▸ **What you have to do**: Among the lines below, copy exactly those from the one with "having immigated from" through the one with "風(fēng)雨之后見彩虹的簡筆畫圖片", counting both ends.

▸ **Stored data**:
[Start of section]

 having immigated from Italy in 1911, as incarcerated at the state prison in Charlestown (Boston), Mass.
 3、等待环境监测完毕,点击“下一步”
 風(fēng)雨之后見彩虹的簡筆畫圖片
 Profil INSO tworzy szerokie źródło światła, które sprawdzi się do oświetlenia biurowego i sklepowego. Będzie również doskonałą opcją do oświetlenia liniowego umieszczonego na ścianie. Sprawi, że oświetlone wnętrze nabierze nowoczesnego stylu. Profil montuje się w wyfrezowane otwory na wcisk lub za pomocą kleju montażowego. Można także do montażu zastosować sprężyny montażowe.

[End of section]
[Start of section]

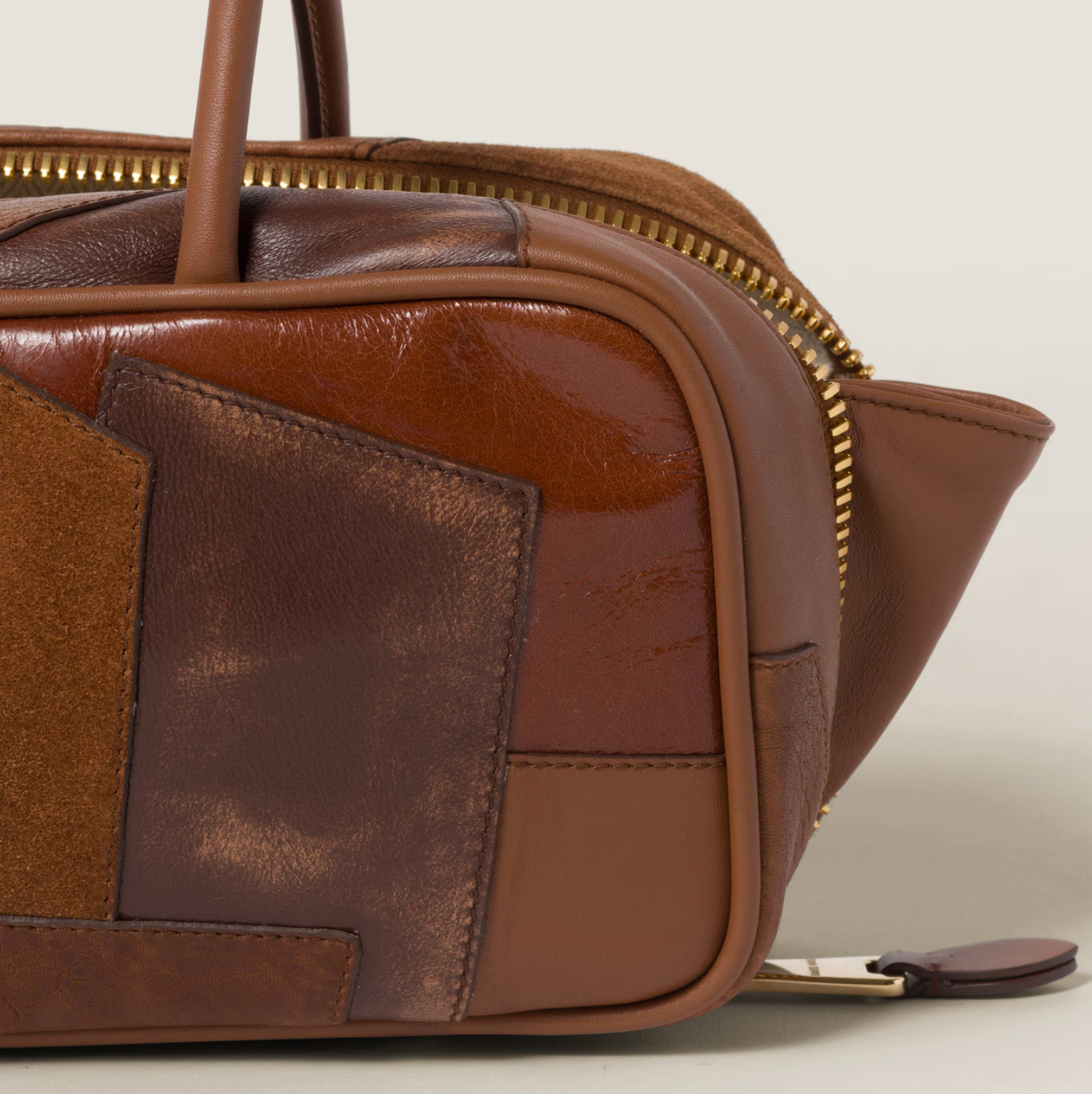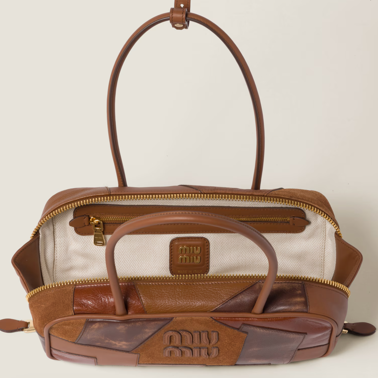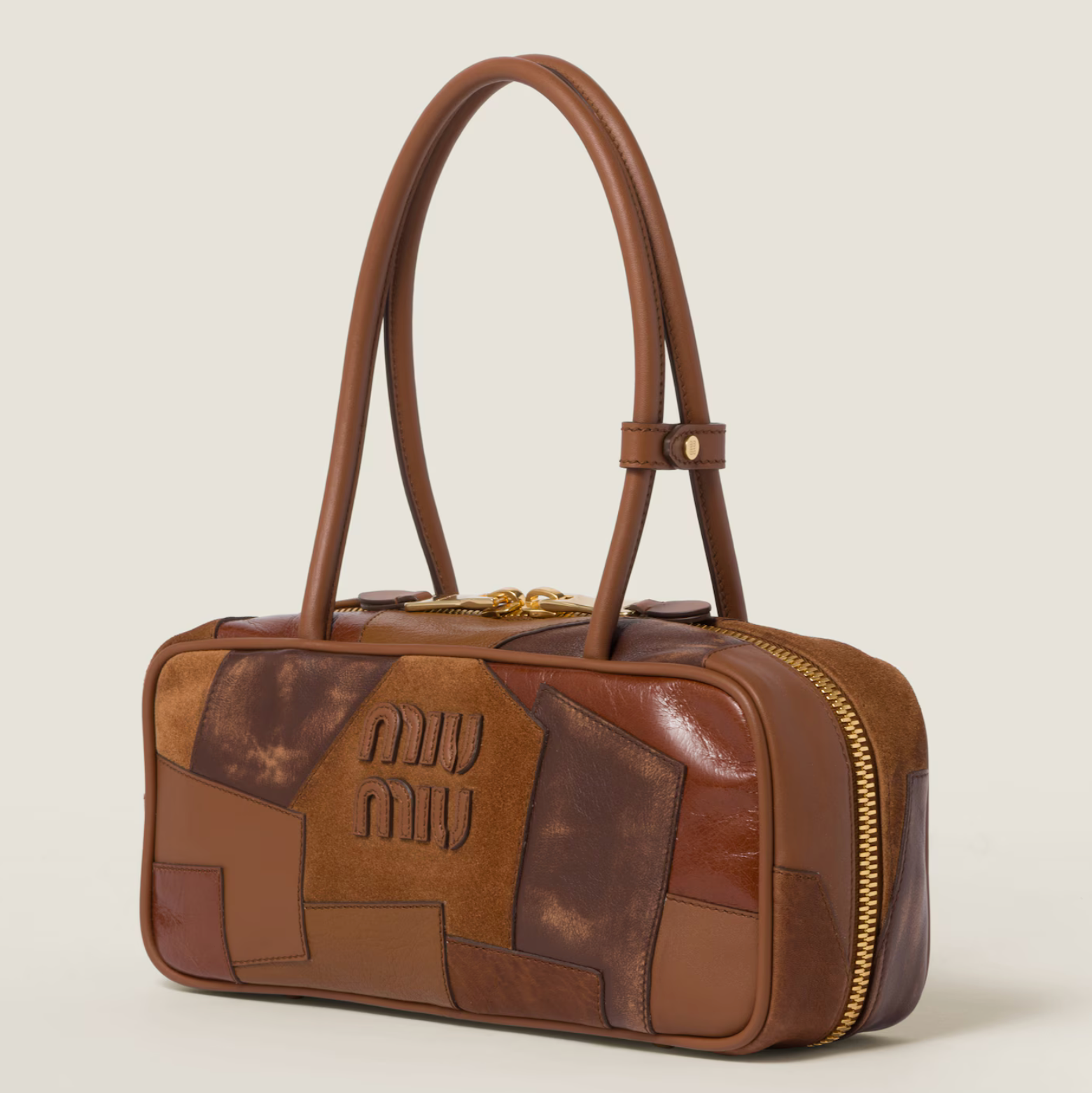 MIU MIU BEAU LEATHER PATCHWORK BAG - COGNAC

[End of section]

▸ **Result for this task**:
 having immigated from Italy in 1911, as incarcerated at the state prison in Charlestown (Boston), Mass.
 3、等待环境监测完毕,点击“下一步”
 風(fēng)雨之后見彩虹的簡筆畫圖片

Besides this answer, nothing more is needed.